Pat Metheny is one of the most dominant voices in jazz guitar today.  Born August 12, 1954, in Lee’s Summit, Missouri, Pat has been forward thinking and concept advancing force in not only jazz guitar but in music itself.  In this article, I draw upon my many interviews with the giants of jazz guitar as they celebrate how Pat has advanced the artform.

The fluidity of his lines

John Abercrombie: Pat is just one of the most fluid guitar players.  When he taught at Berklee he was influenced by my good friend Mick Goodrick and we were all influenced by Jim Hall.  Pat has a very fluid, lyrical, legato style, not picking every note.  It started with Mick but Pat took it to an ultimate level.  I lot of guys play in his style. Sometimes I’ll hear something new and I’ll think “Oh, a new Pat Metheny record” and it will be somebody else.

Paul Bollenback: Pat is a monster of a guitar player.  He is also very lyrical.  I remember asking Pat one time “Do you sing?” and he responded “I can’t sing ‘Come to Jesus’ in whole notes.  Why do you ask?”  I told him because his lines are so lyrical.  I love his big beefy dark sound.
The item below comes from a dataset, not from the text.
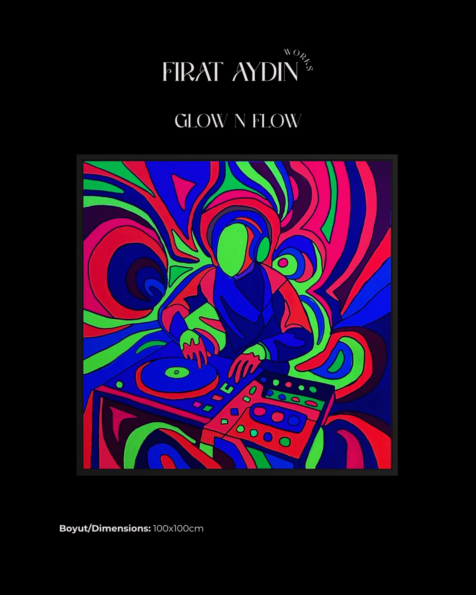 Glow N Flow (100×100 cm) müziğin ritmini çizgi ve renge çeviren neon bir soyut tablo. DJ kültüründeki “mix” fikri; konsantrik dalgalar, keskin kontürler ve UV’ye tepkili canlı renklerle görselleştirildi. Yüzün boş bırakılması kimliği değil akışı öne çıkarır; izleyici kompozisyonun içine çekilir ve adeta müziği gözle dinler. İstanbul merkezli sanatçı Fırat Aydın’ın grafik çizgi dili, dairesel plak formlarıyla grid yapılı mixer arasında güçlü bir denge kurar; hareket ve tempo hissi katman katman büyür.

I also love his laid-back way of playing lines that feels very free to me.

Pat Metheny and Ulf Wakenius

Pure Virtuosity

John Abercrombie: Even though he is younger than me, he influenced me because he raised the technical level of the guitar.  He is a very smooth player but he is still connected to the tradition.  He sounds like a jazz player.  He isn’t doing anything terribly unusual.  He is very fluid.   He is also a very intelligent player.  He doesn’t seem to have his usual effects on here.  His way of playing in the trio is to play a lot of notes, which doesn’t leave a lot of room to play chords.  
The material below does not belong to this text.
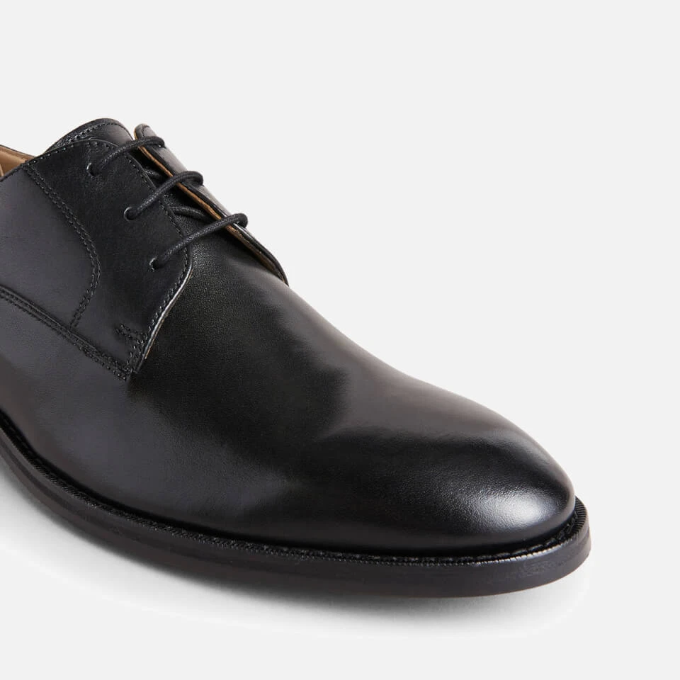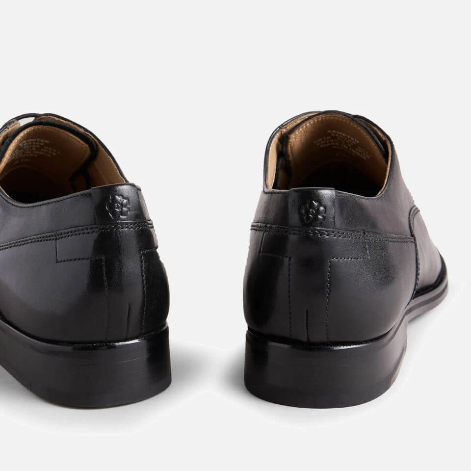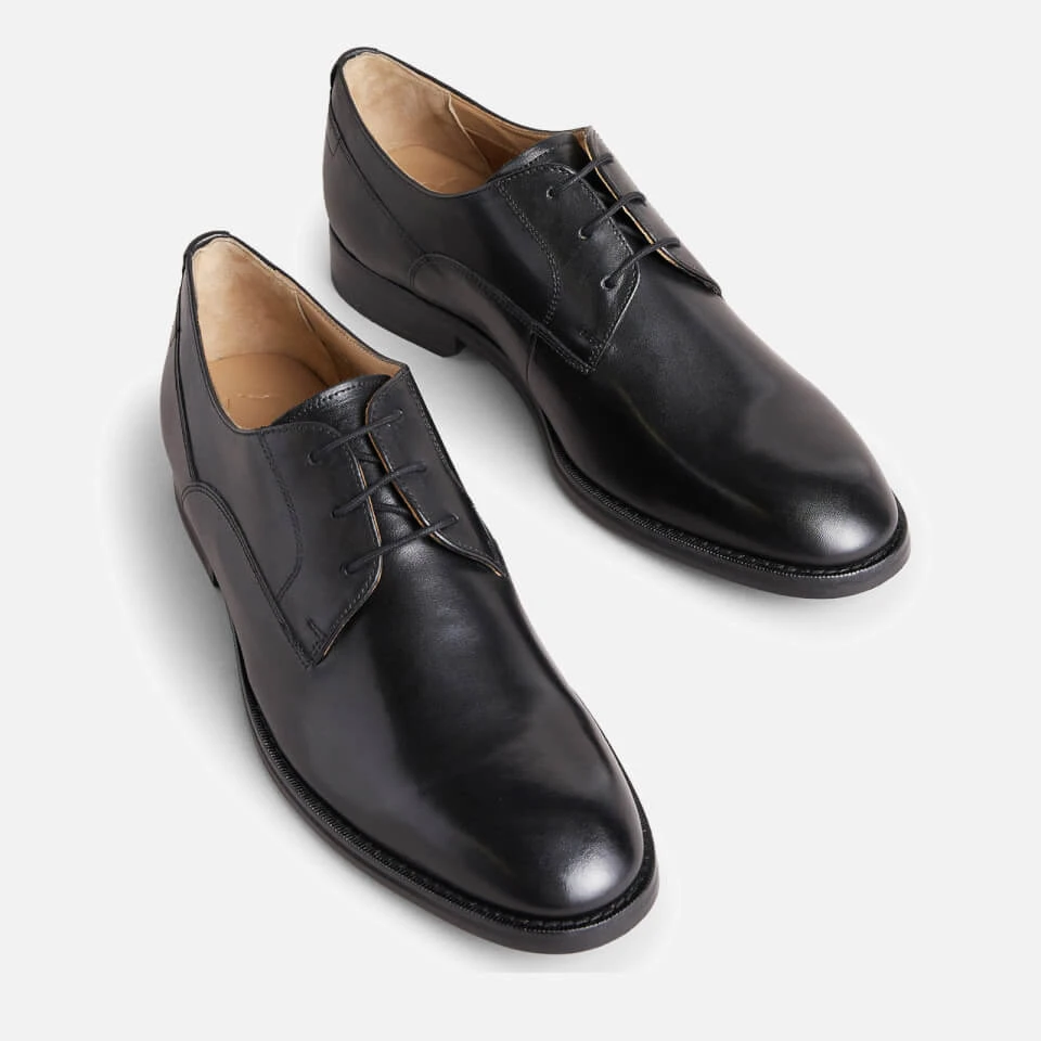- Debossed flower logo, almond toe, stacked heel, black resin soles

Marty Ashby: Pat is the most accomplished guitarist in jazz today.  He can play anything. He is always searching for new ground as a guitarist.  He has those different electric guitars and the baritone guitar, the 42 string, and other acoustic guitars to create a pallet of many sounds to choose from.  He is a masterful composer.  There are a lot of great guitar players out there but he puts it all together as a composer, guitarist, and musical visionary.
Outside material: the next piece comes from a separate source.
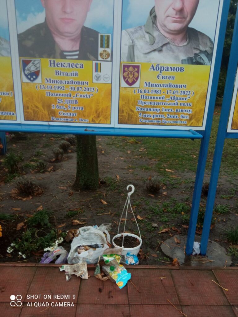 Таромські виродки не мають меж, не мають совісті, це взагалі кончене бидло, ” біологічне сміття”.Принесли сміття на “Алею Героїв Таромського”, й в пакет поставили, вивернули з сміттям під бордами Героїв.І не кажіть, що це все випадково…..Це все цілеспрямовано, як й вивалені кришечки від бутилок біля портретів волонтерів.Це центр Таромського, ходить куча людей поряд, живуть люди поряд, й всі “сліпі”, ” глухі”, й ніхто нічого не бачить?Дружин, мами Героїв, тепер повинні збирати вдячність від таромчан?

One time when he was here playing at MCG he was sitting out back on a nice day practicing between the sound check and show and he asked me which line I liked best.  They were each similar 12 bar lines and what was different was about five 32nd notes in one of the middle measures.  I told him that they were both great lines.  That shows how serious and exacting he is in his composing.

Gene Bertoncini: Pat seems to be able to do anything.  He does those amazing straight-ahead things with Charlie Haden and then there are all the albums with his Group.  Pat came up to me one time and told me how much he enjoys my work.

Bill Frisell: Pat was still living in Boston when I went there.  He would line up gigs in these little bars and then hang up handwritten signs around Berklee announcing what bar he was playing at.  I remember the first time I heard him, I thought “Oh man!”  He was already doing all the things I was hoping I would do someday (laughter). Some of the songs I was thinking of doing, like Paul Bley or Carla Bley or Wayne Shorter songs, Pat was already doing those (laughter).  I had to rethink what I was going to do cause he had already did it (laughter).  I remember one of those hand-written signs that read, Pat Metheny and from Florida Jaco Pastorius.”  At the time no one knew who Jaco was.  Even then, he played like the Jaco we all know.  It was Pat, Jaco, and Bob Moses.  That trio was ridiculously good.  They also were kind of out of control. You never knew what they were going to play next.  They would just sort of go in and out of tunes.  They had this energy that was so happening in the moment.  It was awesome.  Pat is just one of those guys that are so important to me.

Jim Hall: I have never seen this side of Pat with the more “avant-garde” type playing.  He is fitting in so great.  Pat can pretty much do whatever he wants to on the guitar.  The couple of times I have worked with him, I have done the kind of “straight man” bit with my guitar and Pat will be playing three different guitars.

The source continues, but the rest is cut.